2 Hamilton additionally argues that section 1170.18’s requirement that resentenced
defendants serve one year of supervised parole irrespective of custody credits violates the
“double jeopardy” and “ex post facto” clauses of the United States and California
Constitutions. Hamilton acknowledges he did not raise these constitutional claims in the
trial court, but contends we may consider the arguments for the first time on appeal
because they involve “pure questions of law.” Even if we were to assume Hamilton has
not forfeited these arguments (see generally In re Jermaine B. (1999) 69 Cal.App.4th
634, 645 [“the California Supreme Court has consistently applied waiver or forfeiture
rules in the context of fundamental constitutional rights”]), we would find no merit in
them.

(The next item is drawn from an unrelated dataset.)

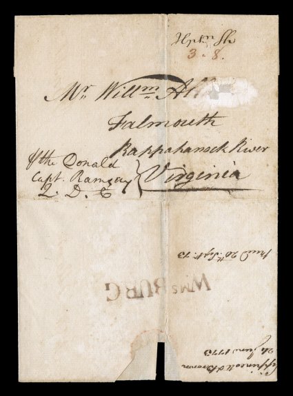 996 c image1773 Virginia Colonial cover to Falmouth, Rappahanock River, Virginia, posted from Bristol, England on June 24, 1773 and received September 20, 1773, posted as a ship letter with "P the 'Donald'/Capt. Ramsey/Q.D.C." (Quem Deus conservet, i.e. Whom God preserve), bearing two rare postmarks from this colonial period, the first being ms. "Hptn Sh", a Hampton Ship marking at the port of entry where it was rated "3.8." (3 dwt, 8gr which equals 2p ship fee and 8p postage), on the reverse clear "WmsBurg" handstamp, one of the few handstamp markings of this early period, portion of the last name in the address abraded away causing a small hole not affecting markings and light overall toning to the cover, markings are very fine and the cover is actually quite well preserved for this period; an extremely rare early transatlantic cover. (Image) Est. $2,000-3,000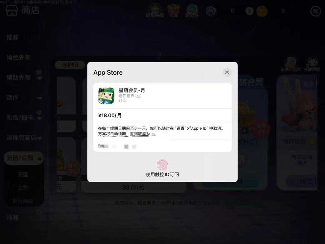 但令研究员意外的是,在测评《迷你世界》时,研究员以8岁以下用户身份登录后,成功付款并开通了价值18元的“星萌会员”。这一情况,显然违反了8岁以下未成年人禁充的规定。

Under Proposition 47’s resentencing provision, Hamilton’s sentence for
possession of a controlled substance was reduced from 25 years to life in prison to 364
days in county jail, with credit for time served, and one year of supervised parole. We
fail to see how this sentence reduction could be construed as a violation of Hamilton’s
double jeopardy rights (see generally People v. Craig (1998) 66 Cal.App.4th 1444, 1448
[double jeopardy clause not violated where “aggregate sentence” imposed “after
successful appeal of a conviction . . . was reduced”]), or otherwise made the punishment
for his offense “more burdensome” than it was when he committed the offense. (See
Collins v. Youngblood (1990) 497 U.S. 37, 42 [“‘any statute which . . . makes more
burdensome the punishment for a crime, after its commission, . . . is prohibited as ex post
facto’”].)
Judge of the Los Angeles Superior Court, assigned by the Chief Justice pursuant to
article VI, section 6 of the California Constitution.